Consider this in the context of SMEs. A contracted development company is writing code using Copilot. Is there a chance that libraries that should not exist are mixed in? Who is checking?

How Much Will IT Costs for SMEs Increase?—Three Realistic Scenarios

“So, how much will it ultimately cost our company?”

It is meaningless if we do not answer this question. Assuming a small company with about 30 employees operating two to three OSS-based web systems, we will estimate three scenarios.

Scenario 1: Minimum Defense (Annual Increase of 500,000 to 800,000 Yen)

  • Implementation of SCA (Software Composition Analysis) Tools: Paid plans for tools like Snyk and Dependabot cost about 30,000 to 50,000 yen per month. This totals 360,000 to 600,000 yen annually. This is the minimum measure to automatically detect vulnerabilities in the OSS being used.
  • Increased Labor for Vulnerability Response: A few hours of additional labor per month will be required. If outsourced, this could add about 10,000 to 20,000 yen per month, totaling 120,000 to 240,000 yen annually.

This represents a pattern of “continuing to use current OSS but increasing monitoring.” It is the most cost-effective option, but it does not provide a fundamental solution.

Scenario 2: Switching Some to Paid Software (Annual Increase of 1,000,000 to 1,800,000 Yen)

  • Migrating CMS (like WordPress) to a Paid Managed Service: Monthly costs of 20,000 to 50,000 yen. Annual costs of 240,000 to 600,000 yen.
  • Migrating the Database to a Managed Service: AWS RDS, Cloud SQL, etc. Monthly costs of 30,000 to 80,000 yen. Annual costs of 360,000 to 960,000 yen.
  • SCA Tools: Annual costs of 360,000 to 600,000 yen (same as Scenario 1).

This is the phase where companies start paying for what they could use for free. However, since they can rely on the vendor for applying security patches and updates, operational burdens decrease.

Scenario 3: Post-Incident Response (Annual Increase of Over 3,000,000 to 5,000,000 Yen)

  • Forensic Investigation: 1,000,000 to 3,000,000 yen per incident.
  • Notification and Response to Customers: In cases of personal data breaches, the average cost per incident is in the hundreds of thousands of yen.
  • System Modifications and Rebuilds: 1,000,000 to 2,000,000 yen.
  • Reputational Damage: Impossible to quantify in monetary terms. However, it can be fatal for SMEs.

This is the worst-case scenario, but it is a reality that can occur if “nothing is done.”

Conclusion: Doing Nothing Will Be the Most Expensive Option. The minimum measures will cost 500,000 to 800,000 yen annually. Whether to see this as “insurance” will be the dividing line.
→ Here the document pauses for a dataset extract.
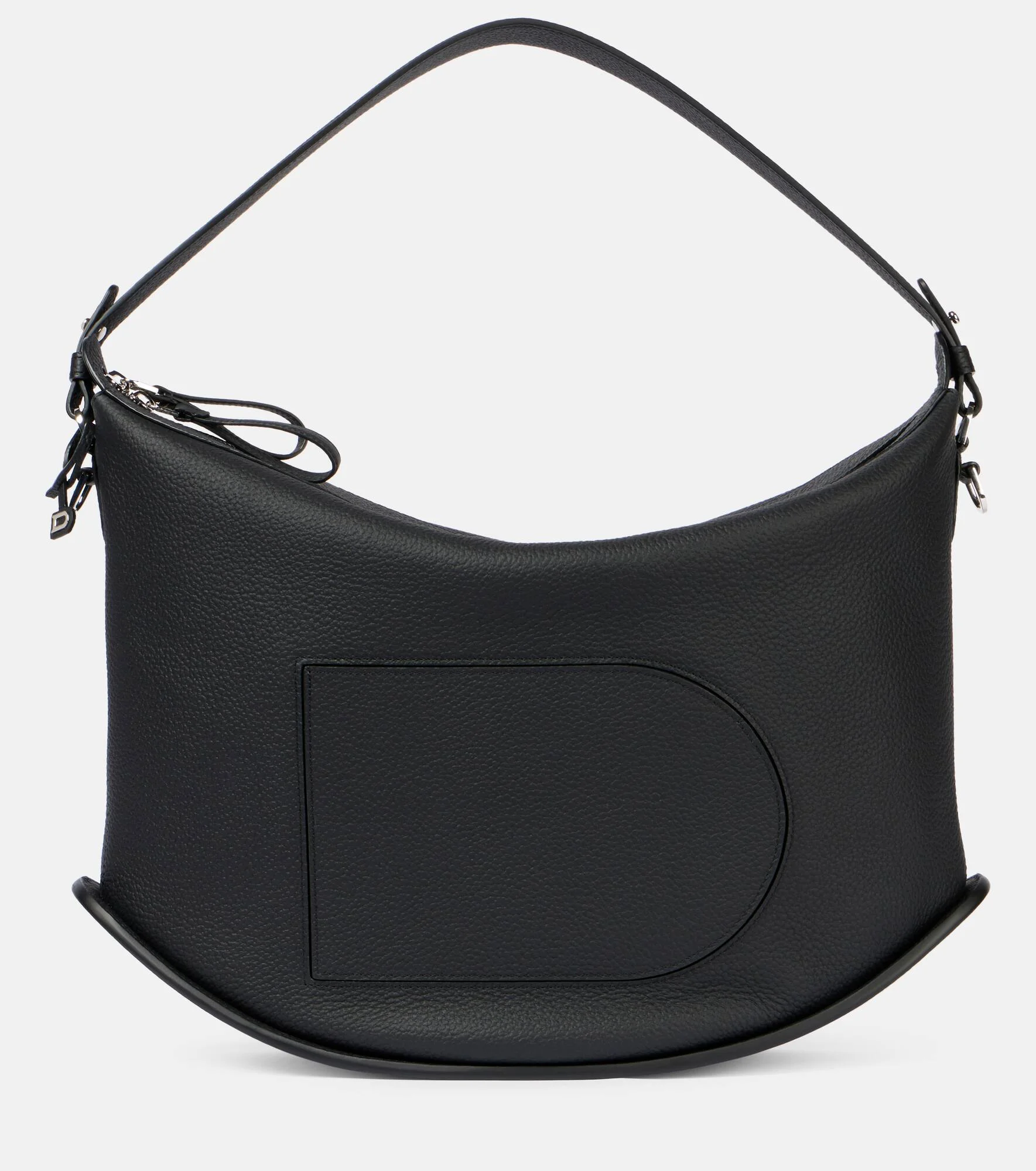 The Pin captures the carefree and youthful spirit of the '70s, blending refinement with versatility. This Pin Swing XL bag is made from Delvaux’s Taurillon Soft leather in black and accented with silver hardware. It embodies the Pin family’s signature elements, including a D-shaped pocket on the exterior and a perforated curved base that offers both elegance and functionality. These emblematic details have solidified its status as a classic of the maison. Product Details - Material: leather - Lining: leather - Made in France - Color: black - Designer color name: Black - Item color: black - Internal details: single compartment - Closure: two-way zipped top - Leather shoulder strap, Detachable shoulder strap - Item number: P01063866 Size & Fit - Length 44cm-17.5" - Height 22cm-8.5" - Width 13cm-5"

It Is Time to Face the Costs of “Free”

Open source will not die. However, the assumption that it is “free, safe, and maintained by someone” is beginning to crumble.
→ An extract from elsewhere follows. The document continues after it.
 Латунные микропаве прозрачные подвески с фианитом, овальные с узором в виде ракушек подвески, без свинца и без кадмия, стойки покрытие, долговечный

The influx of AI-generated code is placing structural burdens on the OSS community’s “goodwill ecosystem.” Maintainers are becoming exhausted, the quality of reviews is deteriorating, and the risk of vulnerabilities being mixed in is increasing. This is not about blaming someone; it is a structural change brought about by the evolution of technology.

SME owners should now consider three things:

1. Take stock of which OSS your company depends on.

Surprisingly, many companies have not done this. Simply asking your contractors, “Please provide a list of the OSS used in our system” is a good start.

2. Implement one SCA tool.

A free plan is acceptable. Snyk, Trivy, Dependabot. Set up a system to automatically check for known vulnerabilities in the OSS you are using. You can start for less than 10,000 yen per month.

3. Shift from “using it for free” to “making decisions based on operational costs.”

Even if the introduction cost of OSS is zero yen, the costs for operation, monitoring, and update responses are not zero. There will be more cases in the future where paying a few tens of thousands of yen per month for managed services will be cheaper overall.

We have entered an era where AI writes code. This cannot be stopped. However, we can consider “how AI-written code will impact the foundation of our systems.”

Free software is quietly starting to break down. Ultimately, the companies using it will pay for the repair costs. To avoid realizing this when it is too late, I hope you will start with what you can do today.